_Exercise goal_:
Pictures should be excluded; otherwise, copy every entry exactly.

Data entries:
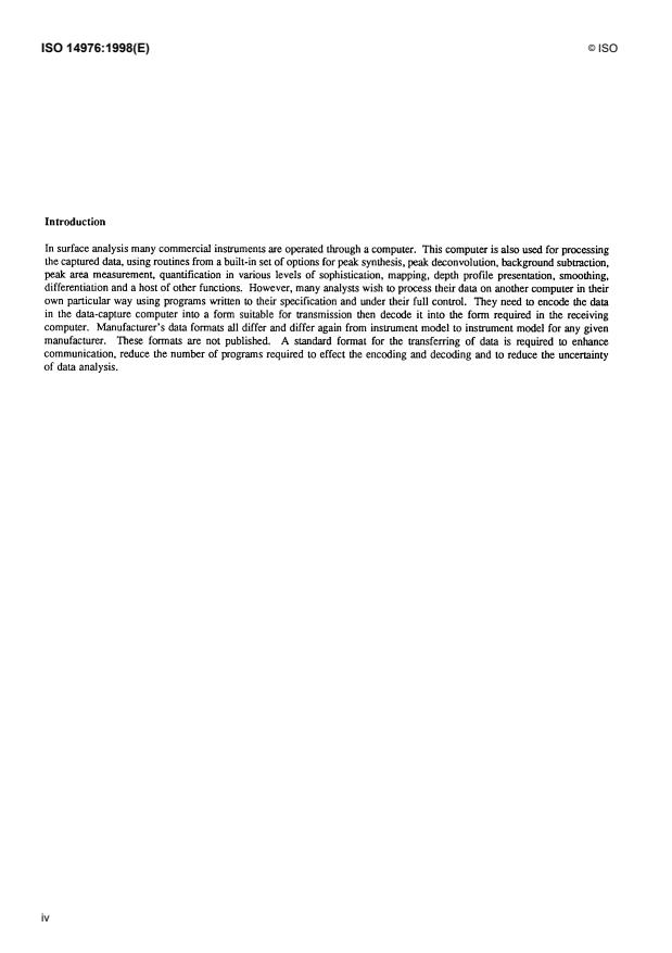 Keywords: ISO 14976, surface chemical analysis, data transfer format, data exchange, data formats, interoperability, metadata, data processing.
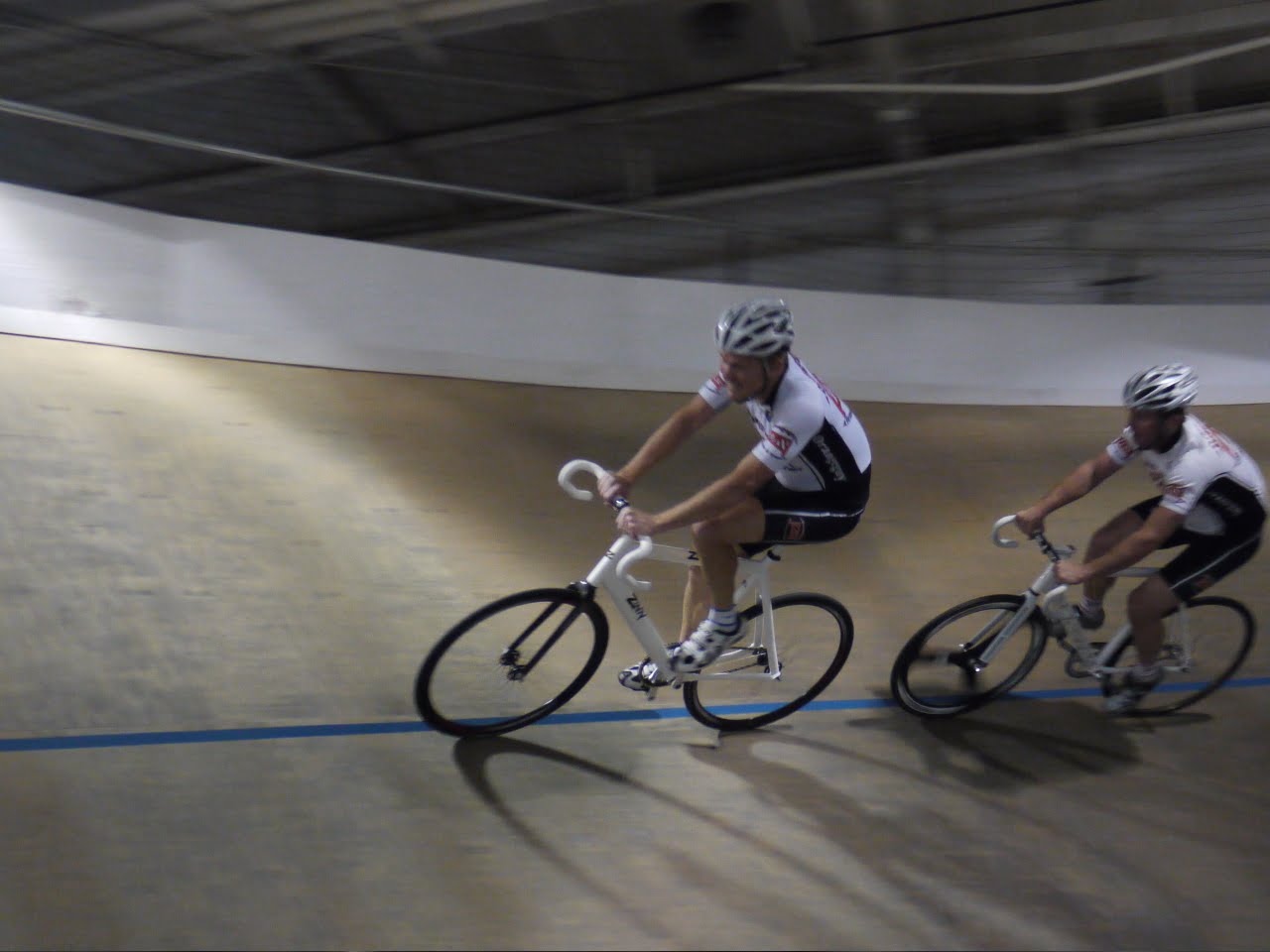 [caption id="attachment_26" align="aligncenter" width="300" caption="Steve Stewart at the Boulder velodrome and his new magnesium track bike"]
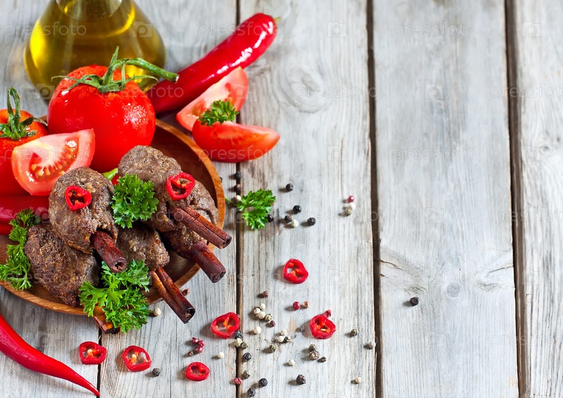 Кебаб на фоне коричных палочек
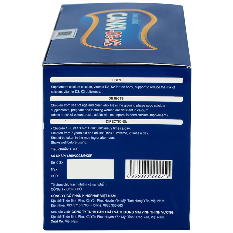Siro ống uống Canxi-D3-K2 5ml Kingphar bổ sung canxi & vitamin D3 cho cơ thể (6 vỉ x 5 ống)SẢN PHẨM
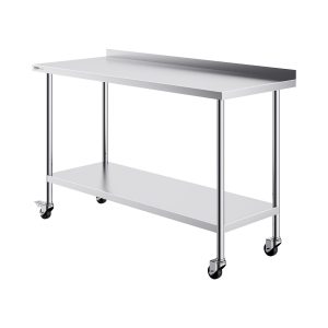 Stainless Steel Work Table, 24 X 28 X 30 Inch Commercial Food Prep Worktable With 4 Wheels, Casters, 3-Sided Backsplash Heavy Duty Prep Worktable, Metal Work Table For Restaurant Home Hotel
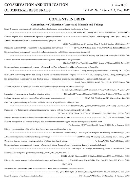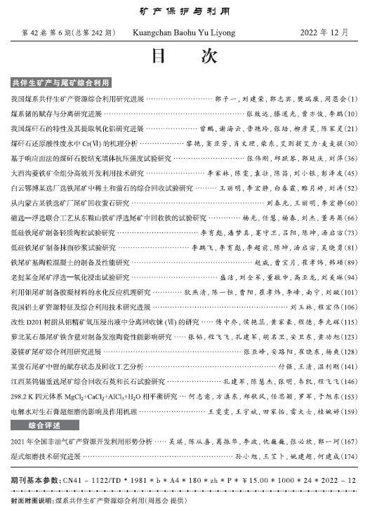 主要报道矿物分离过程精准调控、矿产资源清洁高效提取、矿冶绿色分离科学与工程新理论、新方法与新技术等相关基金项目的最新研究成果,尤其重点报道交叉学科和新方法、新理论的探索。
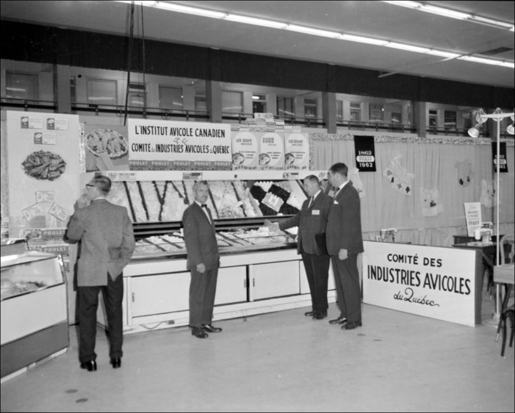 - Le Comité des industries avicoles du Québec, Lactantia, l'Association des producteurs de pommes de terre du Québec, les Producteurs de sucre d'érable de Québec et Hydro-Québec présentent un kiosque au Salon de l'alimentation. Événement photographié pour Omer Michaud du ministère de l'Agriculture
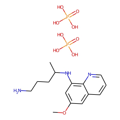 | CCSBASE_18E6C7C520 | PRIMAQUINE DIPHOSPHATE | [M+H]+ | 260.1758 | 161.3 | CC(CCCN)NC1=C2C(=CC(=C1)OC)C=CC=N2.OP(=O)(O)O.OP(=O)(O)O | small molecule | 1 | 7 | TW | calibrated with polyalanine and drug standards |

_Solution_:
 Keywords: ISO 14976, surface chemical analysis, data transfer format, data exchange, data formats, interoperability, metadata, data processing.
 [caption id="attachment_26" align="aligncenter" width="300" caption="Steve Stewart at the Boulder velodrome and his new magnesium track bike"]
 Кебаб на фоне коричных палочек
Siro ống uống Canxi-D3-K2 5ml Kingphar bổ sung canxi & vitamin D3 cho cơ thể (6 vỉ x 5 ống)SẢN PHẨM
 Stainless Steel Work Table, 24 X 28 X 30 Inch Commercial Food Prep Worktable With 4 Wheels, Casters, 3-Sided Backsplash Heavy Duty Prep Worktable, Metal Work Table For Restaurant Home Hotel
 主要报道矿物分离过程精准调控、矿产资源清洁高效提取、矿冶绿色分离科学与工程新理论、新方法与新技术等相关基金项目的最新研究成果,尤其重点报道交叉学科和新方法、新理论的探索。
 - Le Comité des industries avicoles du Québec, Lactantia, l'Association des producteurs de pommes de terre du Québec, les Producteurs de sucre d'érable de Québec et Hydro-Québec présentent un kiosque au Salon de l'alimentation. Événement photographié pour Omer Michaud du ministère de l'Agriculture
 | CCSBASE_18E6C7C520 | PRIMAQUINE DIPHOSPHATE | [M+H]+ | 260.1758 | 161.3 | CC(CCCN)NC1=C2C(=CC(=C1)OC)C=CC=N2.OP(=O)(O)O.OP(=O)(O)O | small molecule | 1 | 7 | TW | calibrated with polyalanine and drug standards |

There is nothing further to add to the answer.